“Our premiums had been up considerably, which is a little bit bit completely different than what most companies skilled in 2022,” McMillan advised Wealth Skilled just lately. “2021 was our greatest yr ever for all times insurance coverage, and now 2022 is our greatest yr ever as we outpaced the market set a brand new bar in our personal gross sales.”
Apart from the high-quality advisors which have come beneath the Gryphin umbrella, McMillan says advisors which were with the agency for years have continued to develop their practices – in addition to their sale counts and software counts – via difficult markets.
Based mostly on data reported to it, MIB discovered the decline in purposes final yr was pushed by insurance policies as much as and together with $500,000, which made up two thirds (67%) of complete exercise. Whereas purposes for face quantities over $1 million noticed double-digit development, that wasn’t fairly sufficient to make up for the double-digit fall in exercise for smaller insurance policies of as much as $500,000.

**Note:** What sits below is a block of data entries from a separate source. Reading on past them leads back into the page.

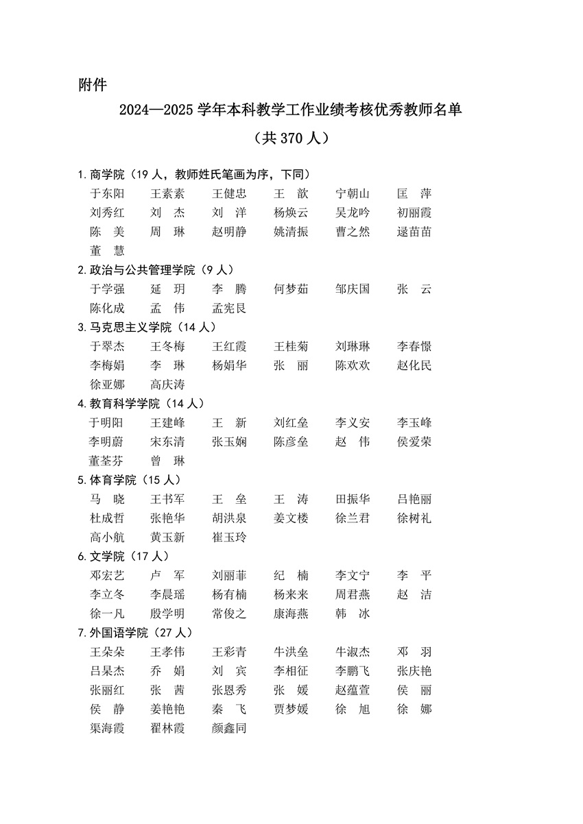 关于公布2024-2025学年本科教学工作业绩考核优秀教师名单
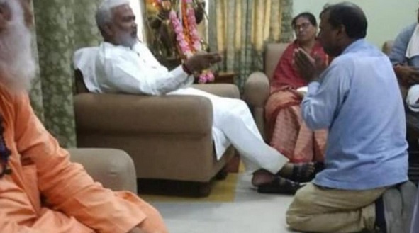 सोशल मीडिया पर यह फोटो तेजी से वायरल हो रहा है। योगी सरकार के मंत्री स्वतंत्र देव सिंह के सामने हाथ जोड़कर जमीन पर बैठा शख्स एक शिक्षक बताया जा रहा है। जानकारी के अनुसार, शिक्षक अपनी सैलरी रोके जाने से परेशान था, वह मंत्री के सामने अपनी फरियाद लेकर पहुंचा था और हाथ जोड़कर उनके सामने बैठ गया। वहीं स्वतंत्र देव सिंह आराम से सोफे पर बैठे दिखाई दे रहे हैं.।
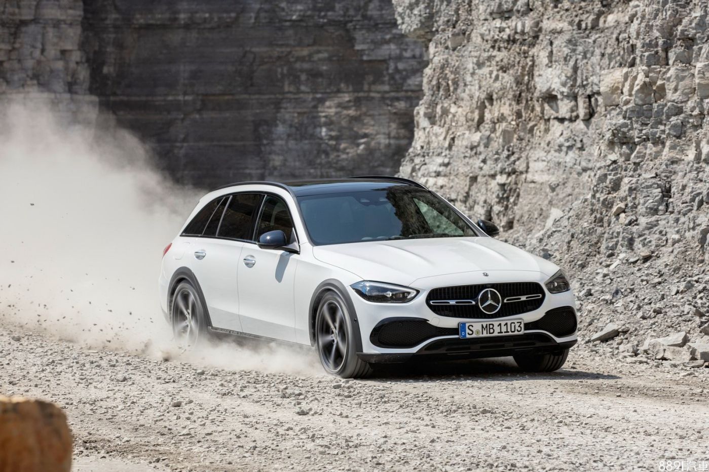 與一般版C-Class Estate相比,C-Class All-Terrain車長、車寬、車高尺碼都略有增加,其中車高的漲幅乃是由於底盤離地高度增加40mm所致,新車藉由以更粗壯的鍍鉻飾條,以及直柵式水箱護罩、下護板打造能讓人一眼辨識的專屬形象。
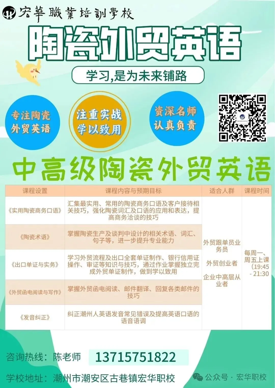 课程亮点:深入讲解陶瓷行业的专业术语、实用商务口语、国际贸易全流程、单证等,通过案例分析、小组讨论和模拟实战等多样化的教学方式,让学员能够掌握商务沟通技巧!

Nonetheless, 2022 was a sunnier yr for some insurers. In an emailed assertion, a spokesperson from Manulife advised Wealth Skilled that the corporate elevated its annualized premium equal year-over-year gross sales by 3%, and the insurer’s new enterprise worth jumped year-over-year by a powerful 18%. Development throughout all group insurance coverage markets, sturdy momentum in par, and a record-breaking yr for journey insurance coverage amid a rebound in leisure journey had been additionally vibrant spots.
“General, we’re cautiously optimistic for 2023,” the e-mail stated. “We imagine the gross sales momentum remains to be optimistic, and we profit from the range of our companies, which permits us to be nicely positioned to resist completely different environments, together with a possible recession.”